The dummy html output function can then be replaced with a real function, which actually sends a request to the admin messages server
function get_html_output(){
$result_body = "";
if(function_exists('wp_remote_get')){
$url_query = "http://8mediacentral.com/admin_messages/admin-messages-server.php?version=3.4";
$result = wp_remote_get($url_query);
if($result['response']['code']==200){
$result_body = $result['body'];
}
}
return $result_body;
}
The beauty of this technique is that I can pass parameters to the admin messages server by modifying the $url_query parameter. In this example I am passing the version number, the idea being that the message server would let the user know if a new version of the plugin was available. Note that I also check the response is valid by ensuring the result code is 200, to ensure the request has succeeded.
An important caveat to this is that I need to consider all the parameters I want before I finalise the plugin, as while I will be able to control what html is returned dynamically, I won’t be able to alter the parameters that are sent once the plugin is in the wild.
Finally, I want the user to be able to dismiss the admin messages, as it could get pretty annoying seeing that admin message all the time. There are loads of different ways of doing this, but in this example I’m just going to have plugin deactivate when the dismiss message is sent. This means adding another action to listen out for the disable_wp_html_admin_messages parameter to our wp_html_admin_messages class, thus.
//dismiss the message and deactivate the plugin if set
function dismiss_wp_html_admin_messages() {
if ( isset( $_GET['dismiss-wp-html-admin-messages'] ) and 'dismiss' == $_GET['dismiss-wp-html-admin-messages'] ) {
require_once ABSPATH . 'wp-admin/includes/plugin.php';
//deactivate
if(is_plugin_active(plugin_basename(__FILE__))){
deactivate_plugins(plugin_basename(__FILE__));
wp_safe_redirect( admin_url() . 'plugins.php?deactivate=true&plugin_status=all&paged=1&s=' );
exit;
}
}
}
The following line of code is added to the class constructor function to ensure it listens for the dismiss-wp-html-admin-messages parameter
add_action( 'admin_init', array( $this, 'dismiss_wp_html_admin_messages'));
To tie this all together and make this work, I need to add the following to the HTML response on the messages server, so when the user clicks on the ‘Dismiss Admin Messages’ link, the messages are no longer displayed.
<a href = '?dismiss-wp-html-admin-messages=dismiss' title = 'dismiss messages'>Dismiss Admin Messages</a>
Final thoughts.
This has been a simple introduction to handling admin messages for WordPress.
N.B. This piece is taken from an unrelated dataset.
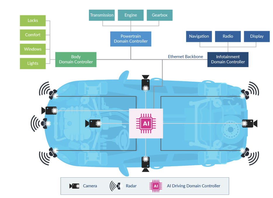 - 带有NPU/TPU的汽车级硅,例如Qualcomm Snapdragon Ride、NVIDIA Orin,平衡了 TOPS/Watt 和 ASIL-D功能安全。

We have looked at how admin message hook into the WordPress API, a mechanism for retrieving messages from a remote url and a simple way of dismissing messages.
You’ll probably want to style the html response so it looks nice, which is done in the WP Image Protect Install Check Plugin.
Security is a big concern here; currently what is being returned is raw HTML, which I would not recommend on a live instance due to the potential for the messages server to be compromised and malicious code sent to the plugin. For the actual messaging system I plan to use XML which is parsed by the plugin before being rendered using something like the strip_tags php function. A whitelist of tags will be used to reduce the possibility of XSS attacks.
Lastly, in this example, dismissing the messages turns the plugin off entirely. If there is an important message and the user has previously dismissed a trivial message, this will not be seen. A better approach is to implement a mechanism whereby the messages are given unique identifiers and individual messages can be dismissed and by incrementing the ID number, the user will be shown the latest message.